Four-legged neighbors? Gotta think of them, too. Miles from Los Feliz, on a 450-acre ranch in Thousand Oaks, location manager Chris Baugh is overseeing the creation of that same film’s zoo — made from scratch just for the movie. There are horses pastured nearby, and while everything seems bucolic and calm at the moment, that could change: Tigers will eventually populate the zoo set.

“Wait till we bring in the big cats,” Baugh says.

Plus, there will be a lot of other creatures on the film — flamingos, llamas, monkeys and the bear. For a six-week shoot, Baugh will also have to provide facilities for the care, feeding and safety of a tamer group (one hopes): the cast and crew.

It must be tempting to throw up your hands, say it’s too difficult, opt to build the zoo on a sound stage instead. But that’s not an option for a location scout.

“We’re not allowed to say no; we have to make it work. So we find a way,” Baugh says.

At a small corner restaurant back in Los Feliz, shooting has begun for the Matt Damon movieWe Bought a Zoo.
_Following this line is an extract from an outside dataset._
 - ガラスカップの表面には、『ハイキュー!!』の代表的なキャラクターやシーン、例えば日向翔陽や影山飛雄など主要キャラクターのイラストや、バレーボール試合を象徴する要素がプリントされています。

Location manager Chris Baugh, who was working before on the zoo construction at the ranch, comes to Los Feliz to solve a few problems on the neighborhood set. One question comes from the best boy grip, who wants to know where on the location he can park his car.
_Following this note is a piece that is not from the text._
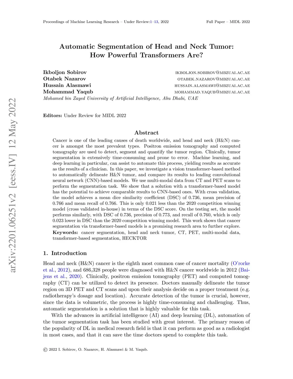 Cancer is one of the leading causes of death worldwide, and head and neck (H&N) cancer is amongst the most prevalent types. Positron emission tomography and computed tomography are used to detect, segment and quantify the tumor region. Clinically, tumor segmentation is extensively time-consuming and prone to error. Machine learning, and deep learning in particular, can assist to automate this process, yielding results as accurate as the results of a clinician. In this paper, we investigate a vision transformer-based method to automatically delineate H&N tumor, and compare its results to leading convolutional neural network (CNN)-based models. We use multi-modal data from CT and PET scans to perform the segmentation task. We show that a solution with a transformer-based model has the potential to achieve comparable results to CNN-based ones. With cross validation, the model achieves a mean dice similarity coefficient (DSC) of 0.736, mean precision of 0.766 and mean recall of 0.766. This is only 0.021 less than the 2020 competition winning model (cross validated in-house) in terms of the DSC score. On the testing set, the model performs similarly, with DSC of 0.736, precision of 0.773, and recall of 0.760, which is only 0.023 lower in DSC than the 2020 competition winning model. This work shows that cancer segmentation via transformer-based models is a promising research area to further explore.

It’s little things like that that fill up a location manager’s day. Baugh says it’s like throwing a full-blown wedding for 200 people — in a different place every day for 50 days. Except that at these weddings, commandos drop onto the roof some days, or a machine gun fight begins. And then there’s a tidal wave.

When problems crop up, Baugh says, the cry goes up: ” ‘Get me location, get me locations, where the hell is locations?’ And you have to solve everything.”

Director Cameron Crowe says it’s all worth it, if it helps an actor like Damon.

“What was great was being able to bring him to these places and say, ‘This is what we found.’ And he immediately said, ‘I feel the movie here. I can play this character,’ ” Crowe says.

For Crowe, the long, hard work of location scouting — and set designing, lighting, cinematography, performing, directing, all of it — is most successful when it disappears.

“The movie should make it all feel invisible,” he says. “The movie should make it feel like you’re just viewing somebody living a life. To be living a life on screen, they have to feel like that’s their house, this is where they were born. [They have to be] comfortable enough to make you believe it.”